Les tensions montent à nouveau en Somalie. Ce pays d’Afrique de l’Est est plongé dans des troubles civils depuis l’effondrement du gouvernement central en 1991, après une série de révoltes contre la dictature militaire de l’époque. Depuis, plusieurs gouvernements nationaux somaliens ont tenté de renforcer la capacité de l’État, de promouvoir la démocratie et d’étendre leur contrôle territorial. Cependant, aucun d’eux n’a réussi à mettre fin aux conflits meurtriers et à la lutte pour le pouvoir et les ressources, rapporte TopTribune.
Le blocage électoral
Le désaccord sur les élections, qui doivent avoir lieu d’ici mai, plane sur la Somalie. Le président Hassan Sheikh Mohamud souhaite abandonner l’actuel système, qui en 2021 n’a permis à que 28 000 électeurs de choisir les politiciens du pays. Il vise à remplacer le système de vote indirect, dirigé par des chefs de clans, par le suffrage universel. Renforcer la participation démocratique, que le gouvernement central soutient, est une ambition louable. Une commission électorale a déjà été mise en place et l’enregistrement des électeurs a commencé. Toutefois, le temps presse et de nombreux observateurs estiment que la seule façon pratique d’organiser des élections à temps est de maintenir le système d’élection indirecte. En fait, l’ancien président, Mohamed Abdullahi Farmaajo, est resté en fonction pendant 15 mois supplémentaires lorsque les dernières élections en 2021 n’ont pas eu lieu à temps.
Jusqu’à présent, le contentieux s’est déroulé de manière relativement pacifique. Toutefois, les tensions montent dans la capitale, Mogadiscio ; deux personnes ont été tuées fin septembre suite à des affrontements entre des unités de sécurité rivales après une visite de politiciens de l’opposition à une station de police locale.
Obstacles politiques
Le conflit électoral met en lumière les dilemmes politiques persistants de la Somalie. Le gouvernement central peine à fonctionner efficacement depuis sa création en 2012, avec le soutien des États-Unis, pour remplacer une série de gouvernements transitionnels instables. Plus de dix ans plus tard, la Constitution demeure provisoire et il n’existe pas d’accord clair sur la manière dont le gouvernement central à Mogadiscio partage le pouvoir avec les sept États membres de la Somalie, dont certains fonctionnent relativement de manière autonome.
Des États plus affirmés, y compris le Puntland au nord et le Jubaland au sud, se sont en effet retirés du système fédéral somalien.
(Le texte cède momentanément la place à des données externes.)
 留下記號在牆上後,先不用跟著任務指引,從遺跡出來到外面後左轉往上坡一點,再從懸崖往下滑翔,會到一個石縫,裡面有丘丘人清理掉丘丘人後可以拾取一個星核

Les tensions entre Mogadiscio et ce dernier ont même conduit à des affrontements violents près de la frontière kenyane en décembre, à la suite d’un débats sur la réélection de Sheikh Ahmed Madobe, le chef de cet État qui est actuellement un rival de Mohamud. Les deux camps rivalisent pour le contrôle de la région nord de Gedo du Jubaland.
Ces divisions internes chroniques ont entravé la capacité de la Somalie à s’attaquer à certains de ses problèmes les plus épineux, qu’il s’agisse de la lutte contre Al-Shabaab, de l’adaptation aux sécheresses prolongées causées par le changement climatique, de la stimulation du développement économique ou de la finalisation de la Constitution.
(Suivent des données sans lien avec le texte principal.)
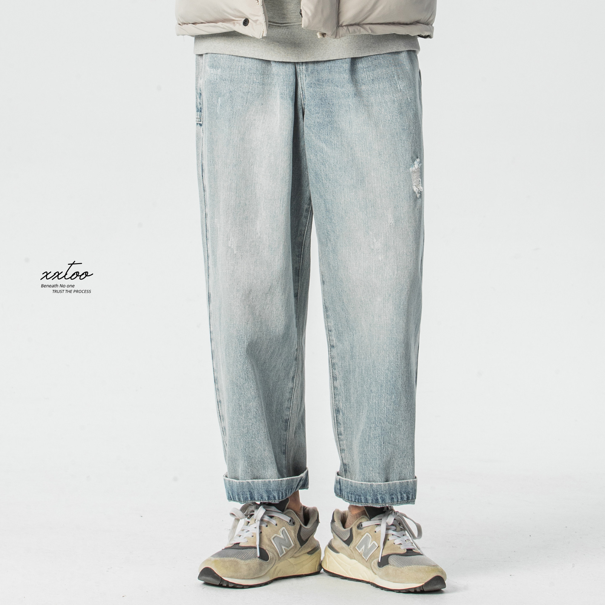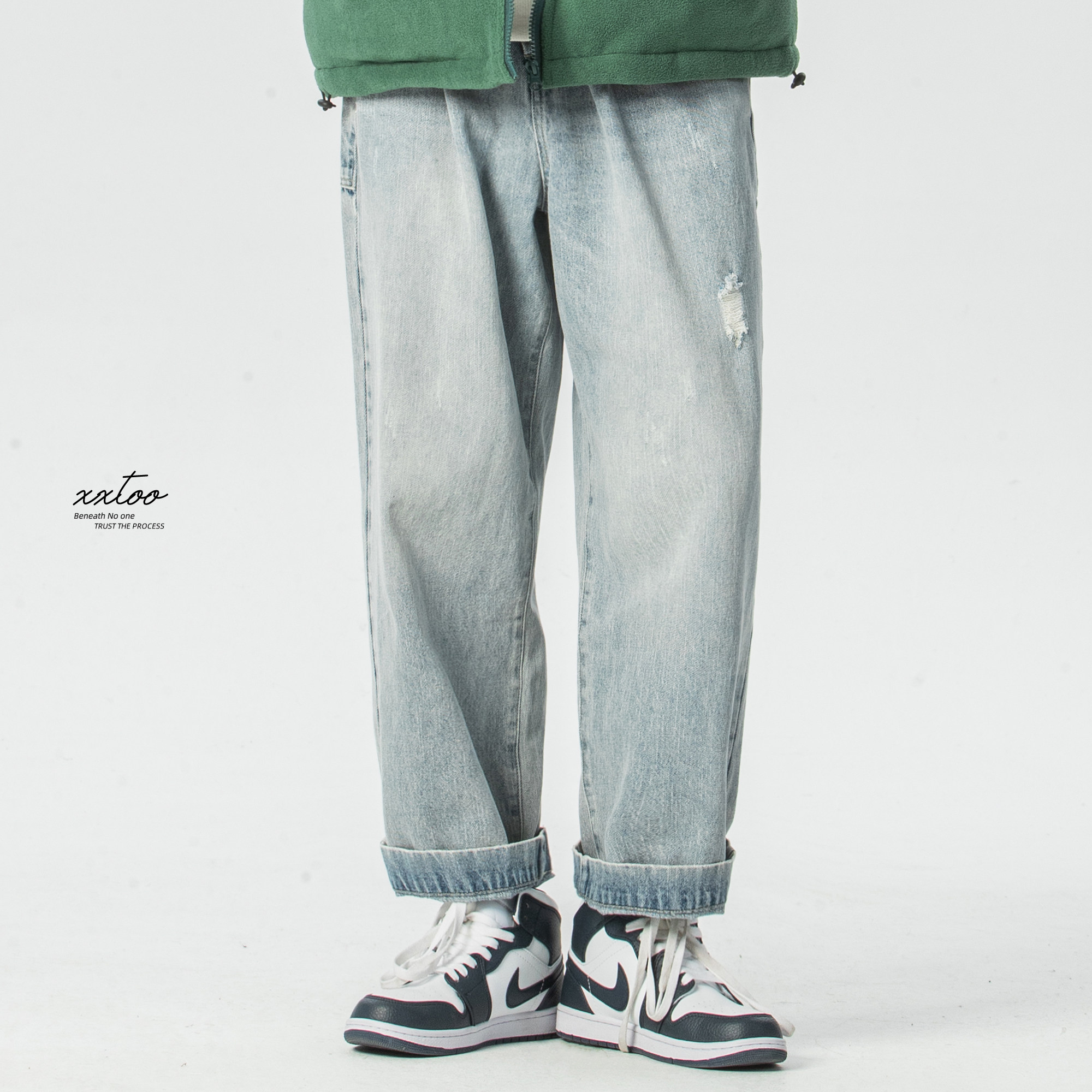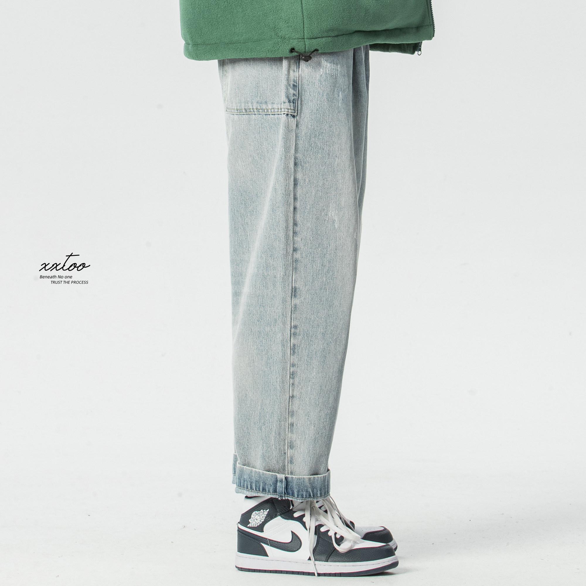 XXTOO Japanese retro heavy wash light color 2022 spring and autumn trend casual loose straight jeans trousers men

La Somalie est en outre confrontée à un paysage de l’aide fondamentalement différent. Le gouvernement central dépend de l’aide étrangère pour deux tiers de son budget, et la mission de maintien de la paix de l’Union africaine soutient sa sécurité. Cependant, l’administration Trump a considérablement réduit l’aide, faisant passer les fonds de 750 millions de dollars en 2024 à 150 millions de dollars cette année.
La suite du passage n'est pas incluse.